*Problem description*
Entries below include pictures. Output exactly the lines from the one with "A volleyball game" down to the one with "Валида, салон красоты", both ends included, and leave the pictures out.

*Extracted information*
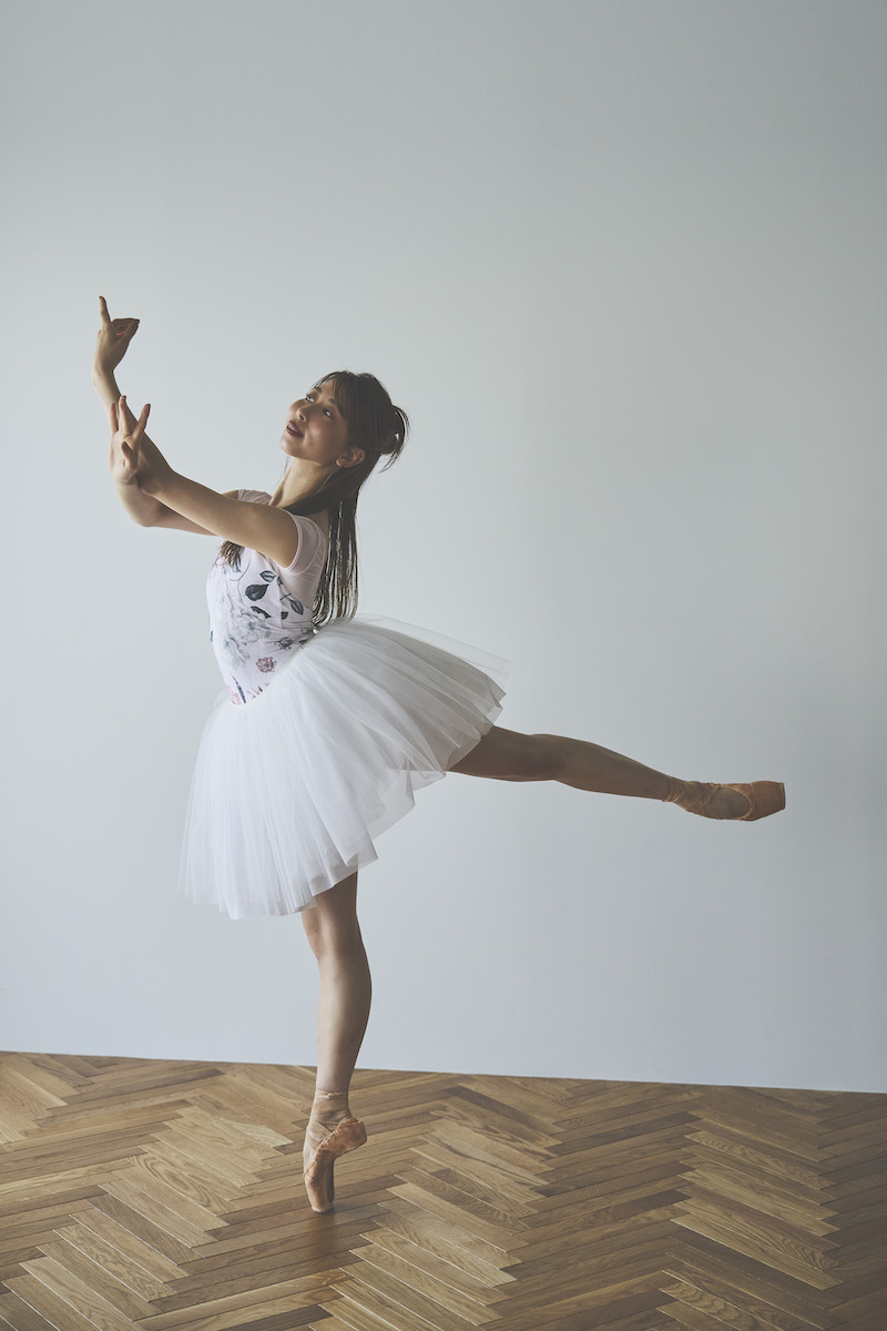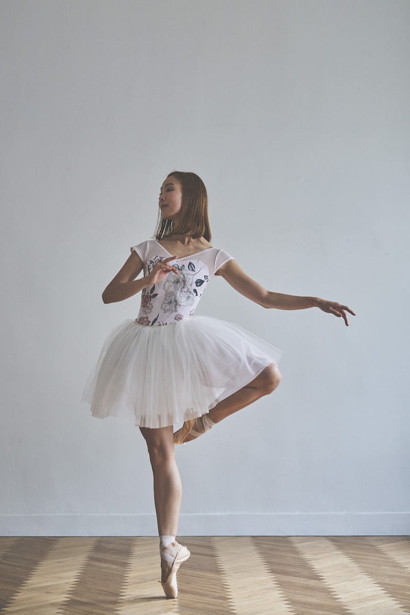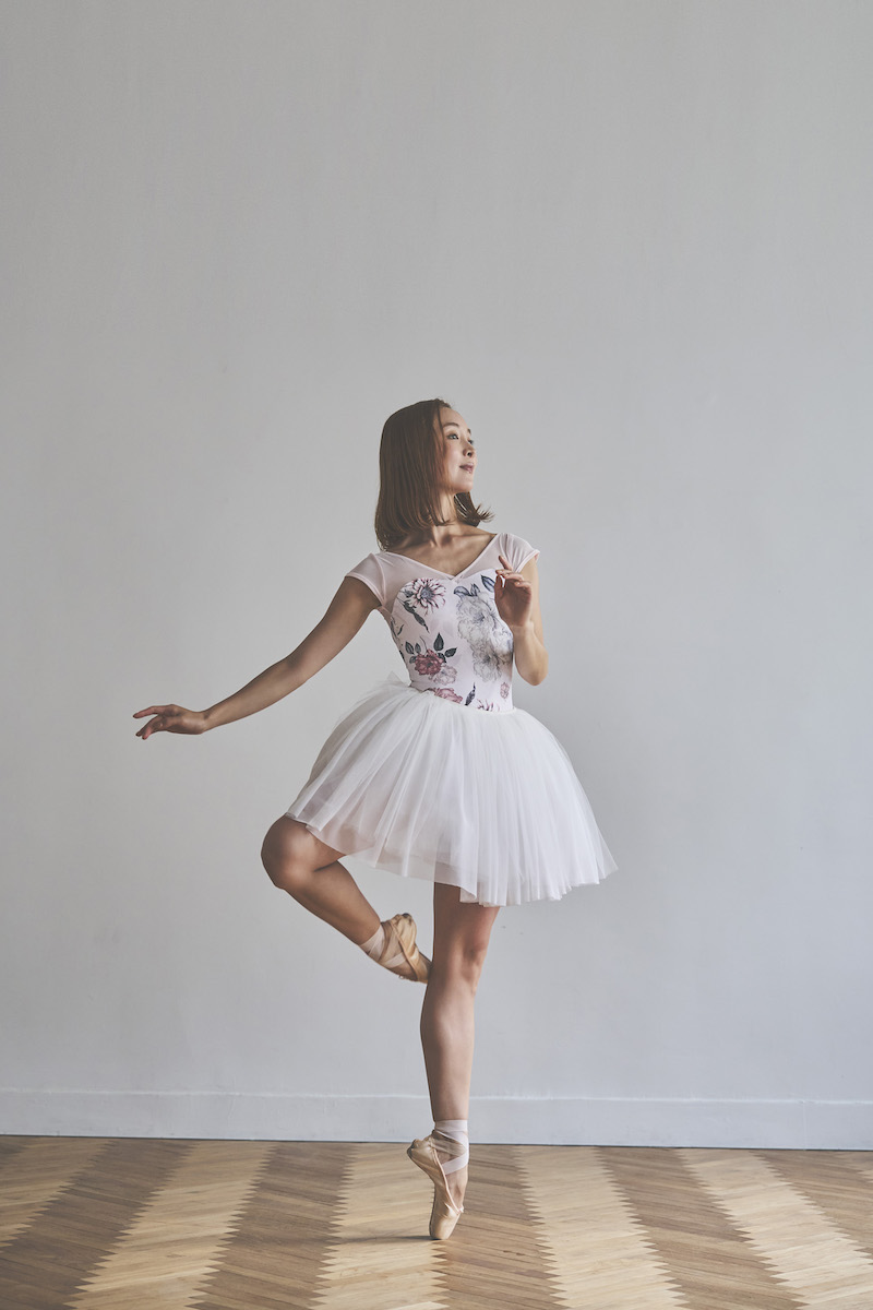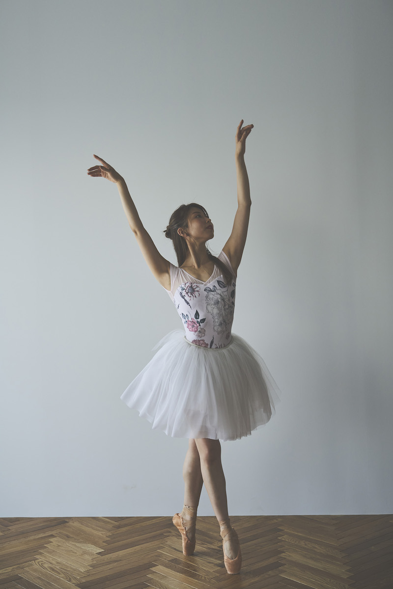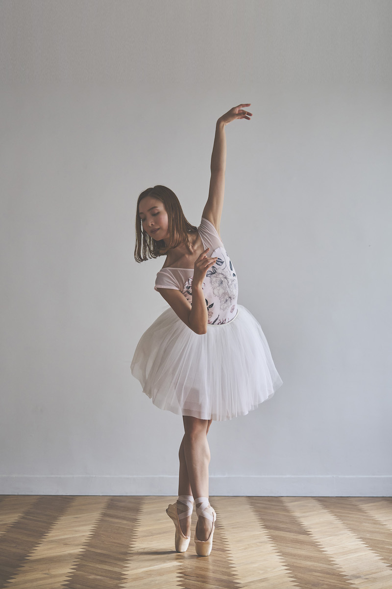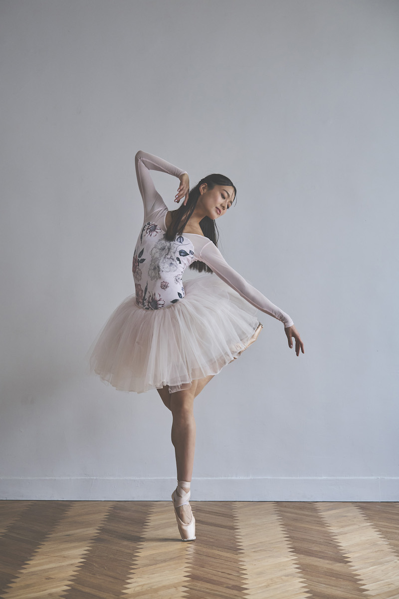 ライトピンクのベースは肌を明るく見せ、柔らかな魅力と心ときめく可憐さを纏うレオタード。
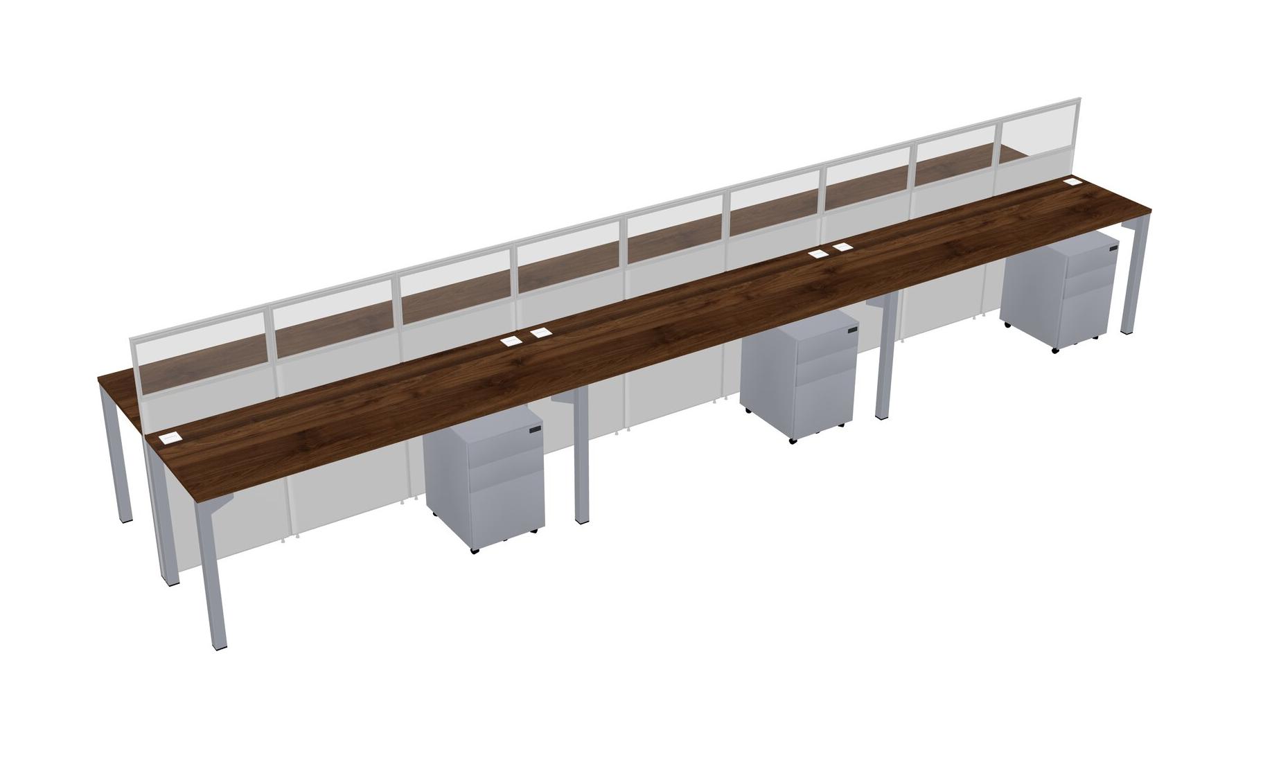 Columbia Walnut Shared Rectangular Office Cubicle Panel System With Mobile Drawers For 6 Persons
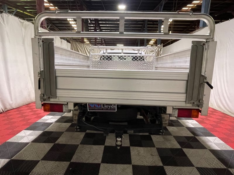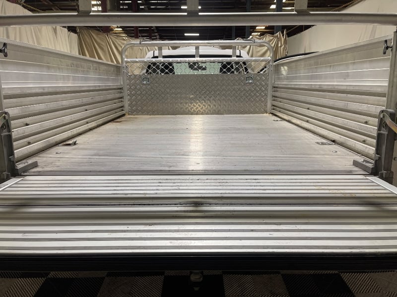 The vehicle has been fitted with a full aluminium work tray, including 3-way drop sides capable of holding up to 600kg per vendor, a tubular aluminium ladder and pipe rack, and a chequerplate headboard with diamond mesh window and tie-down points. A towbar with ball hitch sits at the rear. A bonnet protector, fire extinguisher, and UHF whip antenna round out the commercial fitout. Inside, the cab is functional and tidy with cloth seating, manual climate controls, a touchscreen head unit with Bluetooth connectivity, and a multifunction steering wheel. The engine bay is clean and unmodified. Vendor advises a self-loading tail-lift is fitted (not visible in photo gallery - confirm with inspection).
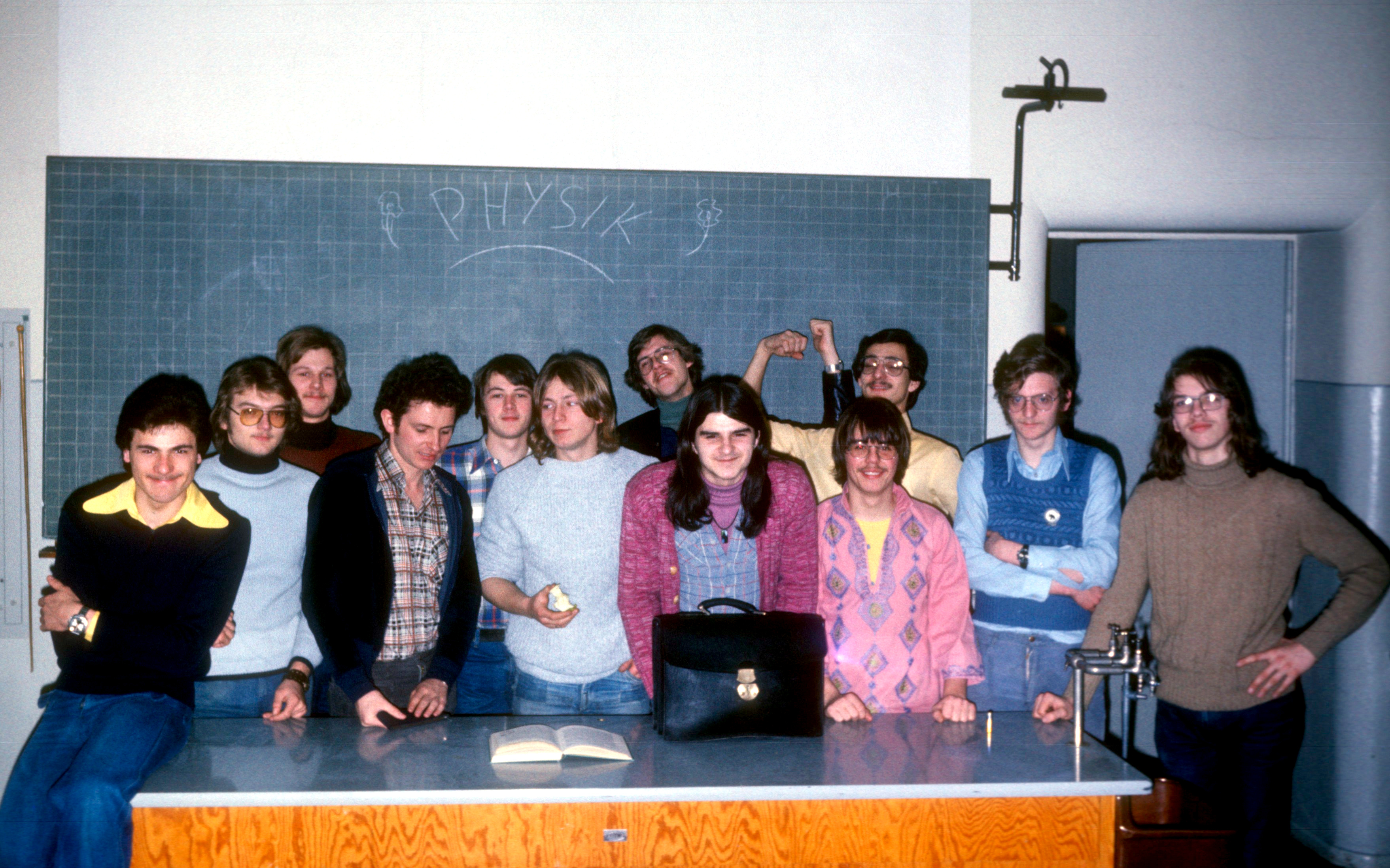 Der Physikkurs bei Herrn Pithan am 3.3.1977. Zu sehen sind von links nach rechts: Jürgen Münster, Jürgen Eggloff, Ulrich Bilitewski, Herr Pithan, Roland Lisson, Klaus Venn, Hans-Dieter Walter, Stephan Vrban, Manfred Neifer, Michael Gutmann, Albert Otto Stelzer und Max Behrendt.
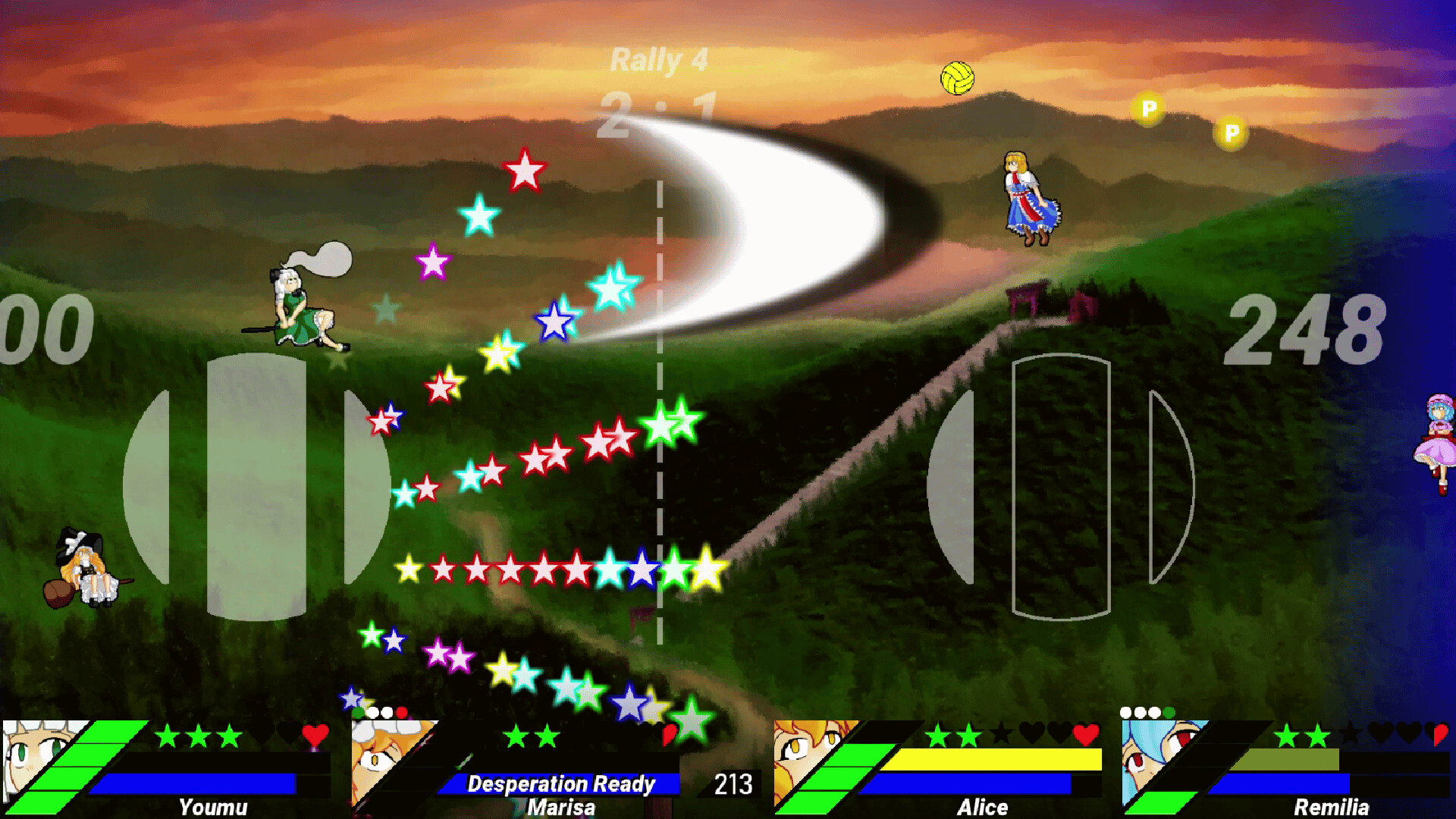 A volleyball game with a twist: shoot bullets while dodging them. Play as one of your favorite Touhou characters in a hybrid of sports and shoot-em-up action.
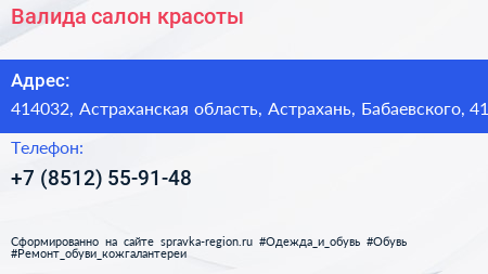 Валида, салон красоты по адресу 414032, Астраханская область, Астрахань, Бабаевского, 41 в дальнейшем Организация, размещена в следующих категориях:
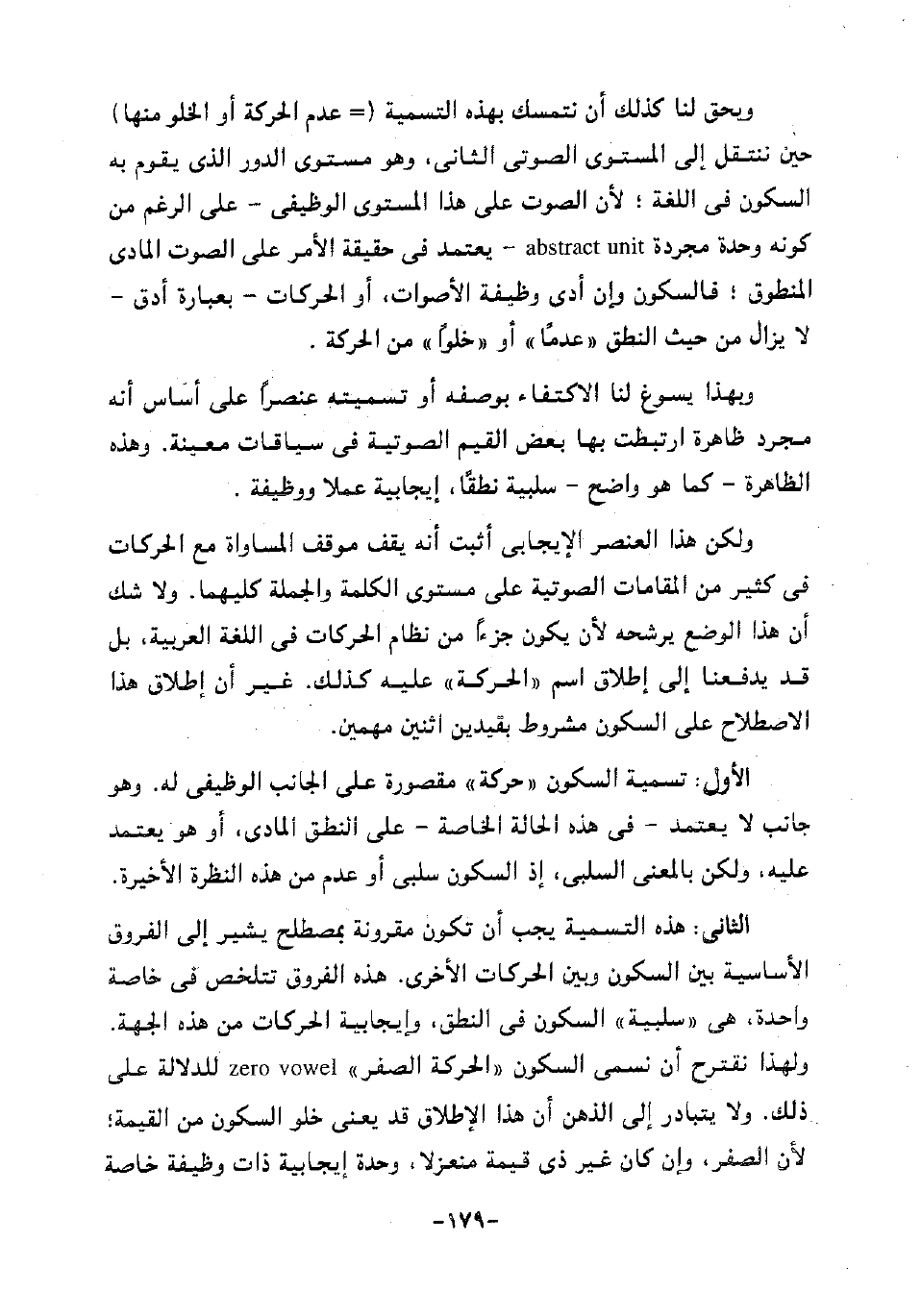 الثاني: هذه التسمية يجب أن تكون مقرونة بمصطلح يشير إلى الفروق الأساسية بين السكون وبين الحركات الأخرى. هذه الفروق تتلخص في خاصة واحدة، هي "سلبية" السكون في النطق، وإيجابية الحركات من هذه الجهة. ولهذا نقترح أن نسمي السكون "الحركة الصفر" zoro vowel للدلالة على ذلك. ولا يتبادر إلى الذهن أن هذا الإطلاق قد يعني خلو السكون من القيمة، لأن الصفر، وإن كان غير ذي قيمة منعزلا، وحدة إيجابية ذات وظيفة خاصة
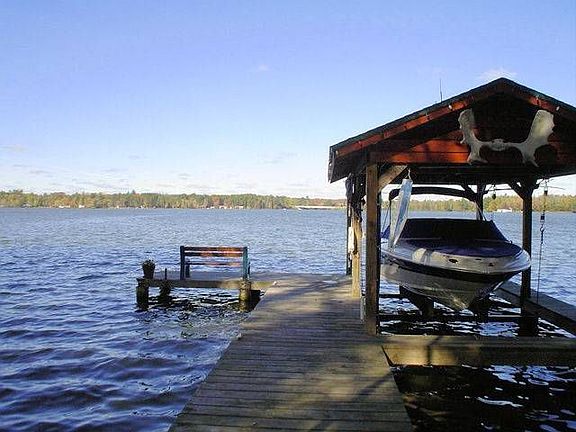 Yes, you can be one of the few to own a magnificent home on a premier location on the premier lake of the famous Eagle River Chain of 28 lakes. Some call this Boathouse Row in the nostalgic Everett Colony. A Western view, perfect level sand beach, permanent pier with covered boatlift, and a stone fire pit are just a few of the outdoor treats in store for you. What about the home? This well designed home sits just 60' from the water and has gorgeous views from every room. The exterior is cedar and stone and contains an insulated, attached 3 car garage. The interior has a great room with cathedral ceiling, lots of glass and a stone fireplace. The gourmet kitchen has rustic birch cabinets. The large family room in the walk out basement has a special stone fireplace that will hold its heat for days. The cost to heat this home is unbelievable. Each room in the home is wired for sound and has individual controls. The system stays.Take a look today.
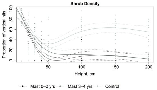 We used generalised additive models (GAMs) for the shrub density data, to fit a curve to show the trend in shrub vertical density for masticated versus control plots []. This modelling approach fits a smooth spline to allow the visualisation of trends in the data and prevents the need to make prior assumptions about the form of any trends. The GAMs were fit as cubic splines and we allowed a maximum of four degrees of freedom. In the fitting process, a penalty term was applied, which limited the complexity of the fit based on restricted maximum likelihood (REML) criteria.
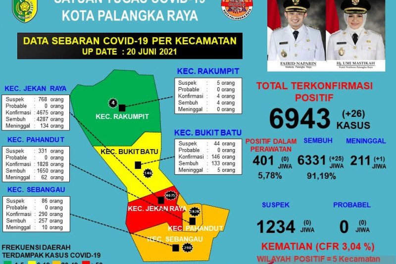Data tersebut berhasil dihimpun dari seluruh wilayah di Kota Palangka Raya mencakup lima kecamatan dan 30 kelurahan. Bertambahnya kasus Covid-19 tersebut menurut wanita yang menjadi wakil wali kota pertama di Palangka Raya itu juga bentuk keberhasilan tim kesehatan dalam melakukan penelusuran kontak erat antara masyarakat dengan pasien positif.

*Result*
 A volleyball game with a twist: shoot bullets while dodging them. Play as one of your favorite Touhou characters in a hybrid of sports and shoot-em-up action.
 Валида, салон красоты по адресу 414032, Астраханская область, Астрахань, Бабаевского, 41 в дальнейшем Организация, размещена в следующих категориях:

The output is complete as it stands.